Ellid frowned in puzzlement and said no more, for she knew she would give him no slave's title. The April sun was warm through the fir boughs, and the thick bed of their dropped needles was soft. Ellid stretched out her aching limbs. As she dozed off to sleep she saw the black-haired youth settle himself against the trunk of the tree, watching over her.
Hours later she awoke, alerted by some slight sound or sense of danger. She did not need her companion's hand on her arm to warn her to keep silence. On the hillside below rode the scouts of Myrdon, lazily probing the bushes with their spears. Tensely watching, Ellid could not doubt that they made their path toward the firs. To bide or to flee? Both seemed hopeless. But even as Ellid clenched herself in despair, the approaching men shouted and swerved from their course. In the valley beyond, a hart had broken cover. Ellid gaped; the deer was pure blazing white with a shine like a silver crown on its head. It was the loveliest creature she had ever seen. It posed like a carven thing for a moment before it flitted away, and all the riders of Myrdon galloped after it.
"So lightly are the sons of men turned from their intentions," the dark-eyed youth remarked dryly.
"Will you sleep now?" Ellid asked coldly. "I will watch." Her heart ached for the fleet white deer.

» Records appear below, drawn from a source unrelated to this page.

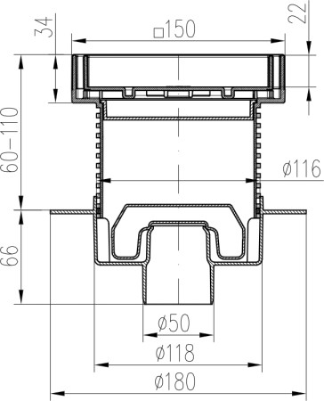 Drenaje de suelo, inferior D50, NEPTUN, collar, estructura de acero inoxidable, rejilla CERAMICS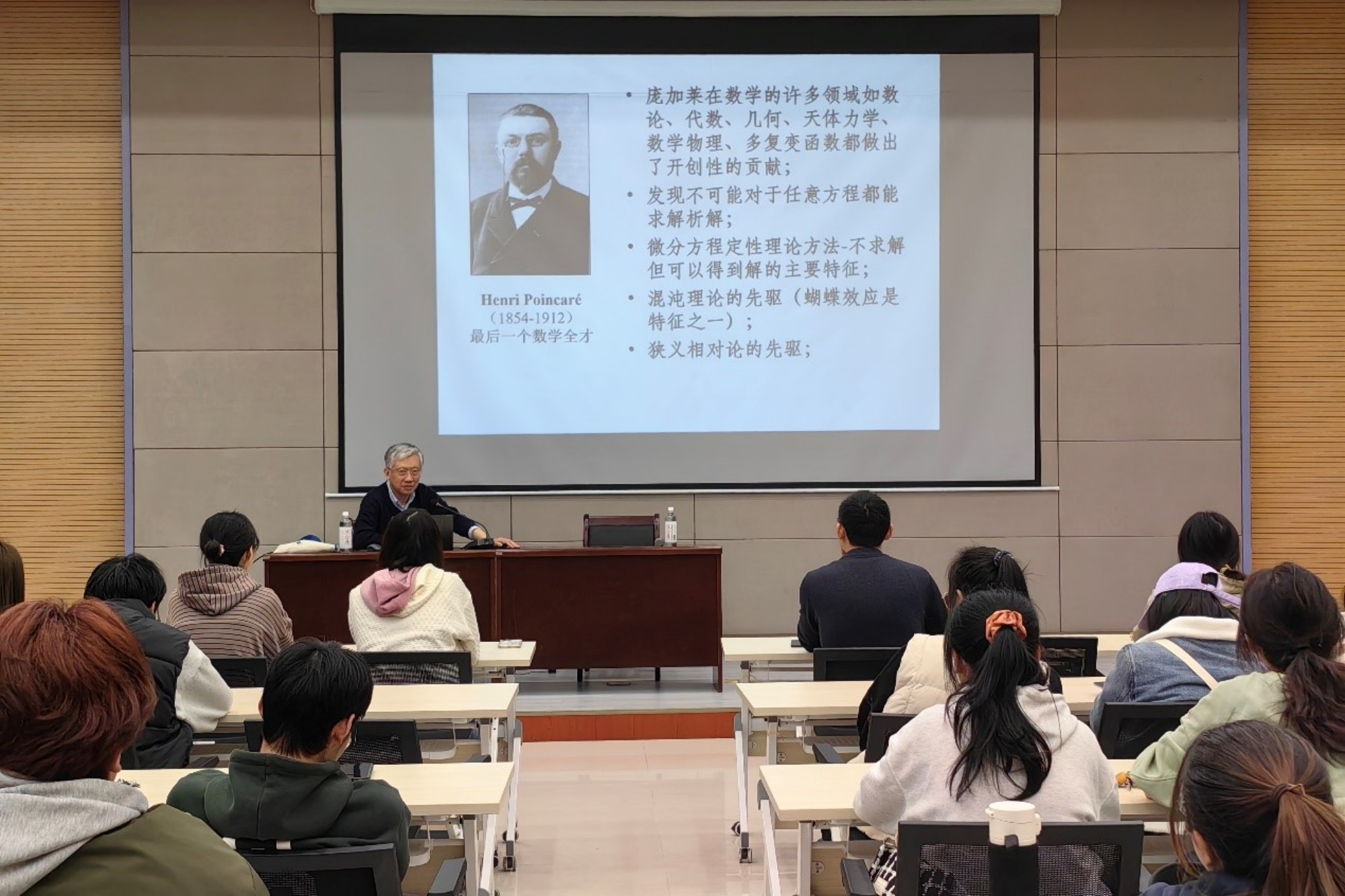 3月29日下午,江苏省数学学会理事长、原南京大学副校长程崇庆教授应邀在图书馆胡瑗讲堂给数理学院一年级学生作报告。报告由数理学院副院长王志华主持。
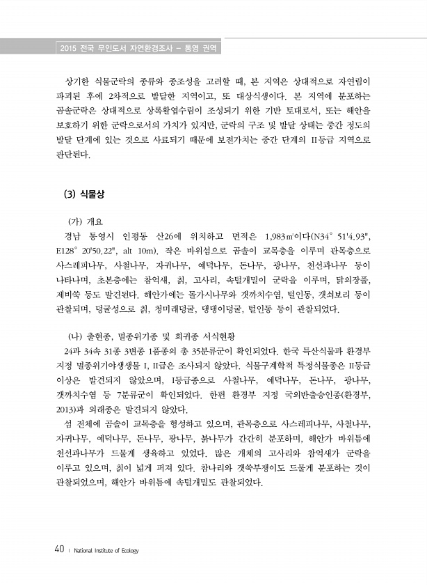 제목 : (2015) 전국 무인도서 자연환경조사 : 통영 권역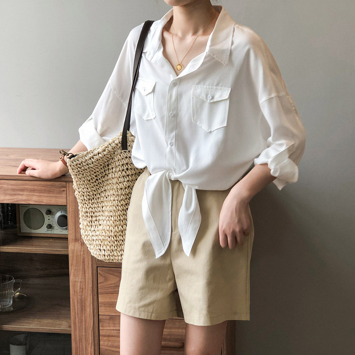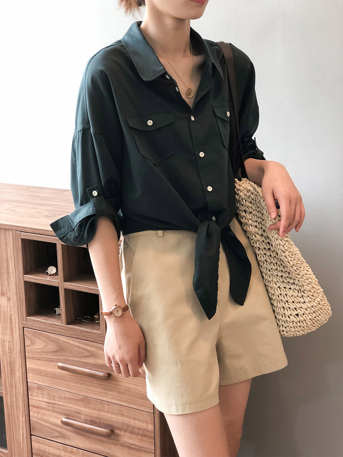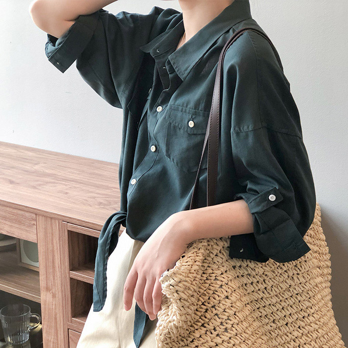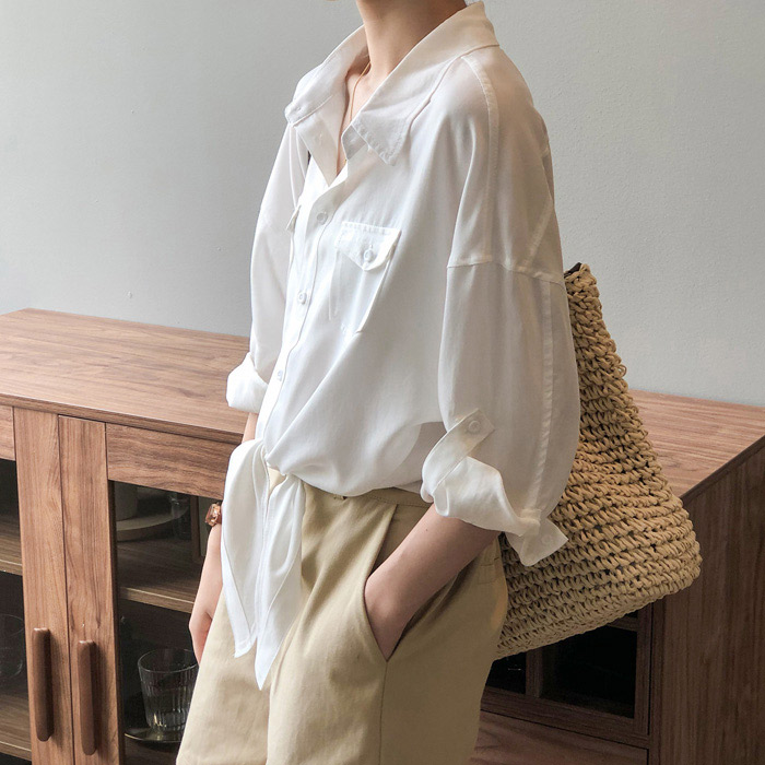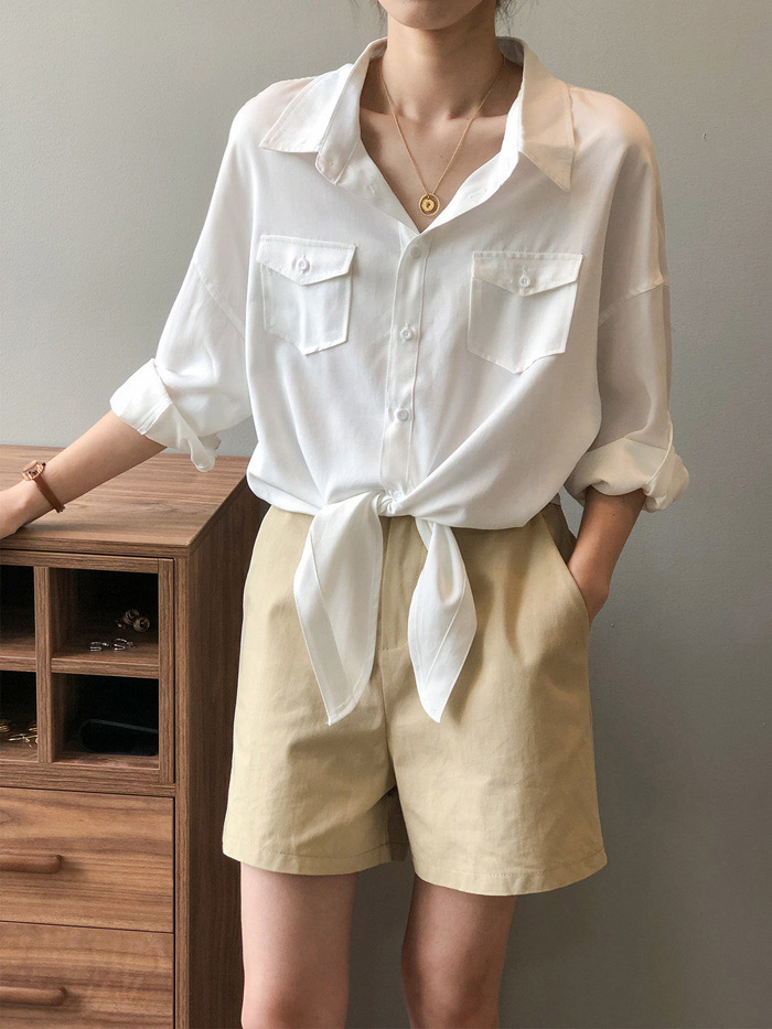 シアースリーブ ドッキングシャツ ボウタイシャツブラウス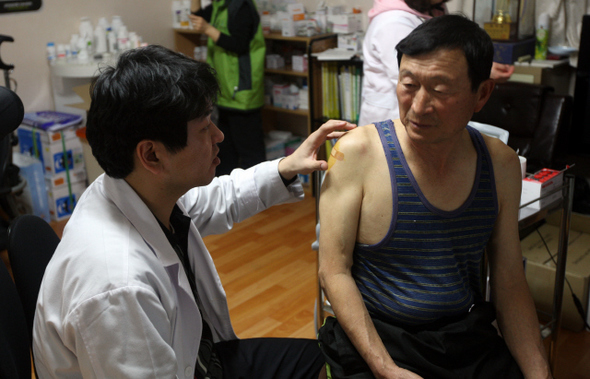 지난 3월8일 저녁 연평면 중부리 노인정에 마련된 인천의료원 임시진료소에서 한 주민이 진료를 받고 있다.연평도=사진 한겨레 정용일 기자 yongil@hani.co.kr

The stranger did not sleep, but sat silently beside her. Nothing more chanced that afternoon. In the twilight the fugitives crept forth, and discovered that they had sheltered in a sacred grove. The abode of the god was marked with a rough stone altar. Upon it sat some villager's offering of a few of last year's apples, now pecked by birds. The youth gathered them up and offered Ellid one. She creased her brow at him.
"Do you not fear the vengeance of the gods, that you pilfer their viands?"
"Nay, it is well enough," he answered vaguely. "Eat."
She took from his hand what she would not have taken from the shrine even had she been starving. But the food did little to ease her woes that night. Her feet were swollen and oozing, and the wood-soled sandals that her companion had lent her were clumsily large. They tormented her with stumbling and slipping until she returned them to their owner, preferring to brave the rocks. Her escort slowed the pace to ease her, but within a few hours her head swirled with feverish pain. She limped along dazedly, clinging to her companion's belt as much for support as for direction. She scarcely noticed when she fell and struggled to rise. Half-awares, she felt herself gathered up and slung over warm, smooth shoulders. She laid down her head and struggled no more.
Many leagues to the north, Cuin, son of Clarric the Wise, rode through the days beside his grim-faced uncle, Pryce Dacaerin; Pryce of the Strongholds, men named him. They went slowly, for they rode with an army at their backs, and matched their pace to the footpace of the kerns. Cuin chafed at the delay. He ached to speed as fast as horse could take him to the vile tower where Marc of Myrdon made his filthy nest. What might those ruffians be doing to Ellid!
"They will not dishonor her, if it is gold the rat of Myrdon would have from me," Pryce Dacaerin had told him. "Curb yourself, Sister-son."
And most likely it was gold. The whole land of Isle was rife with such extortions. Not within living memory, not since Byve had met his doom, had there been a High King to keep order. Clan holdings and chieftainships and petty kingdoms dotted the land, each within its own fortress and patch of fields; round them all the wildering Forest wrapped its labyrinth. Across it every summer the raiding parties wended like ships across sundering seas ... Perhaps it was not gold that Marc of Myrdon sought, Cuin reflected. Perhaps he would make Ellid a piece in some sneaking game of power, would flaunt her to tweak Dacaerin's nose ... Truly, having once seen her loveliness, could he fail to take her to his bed? Cuin clenched his fists at the thought.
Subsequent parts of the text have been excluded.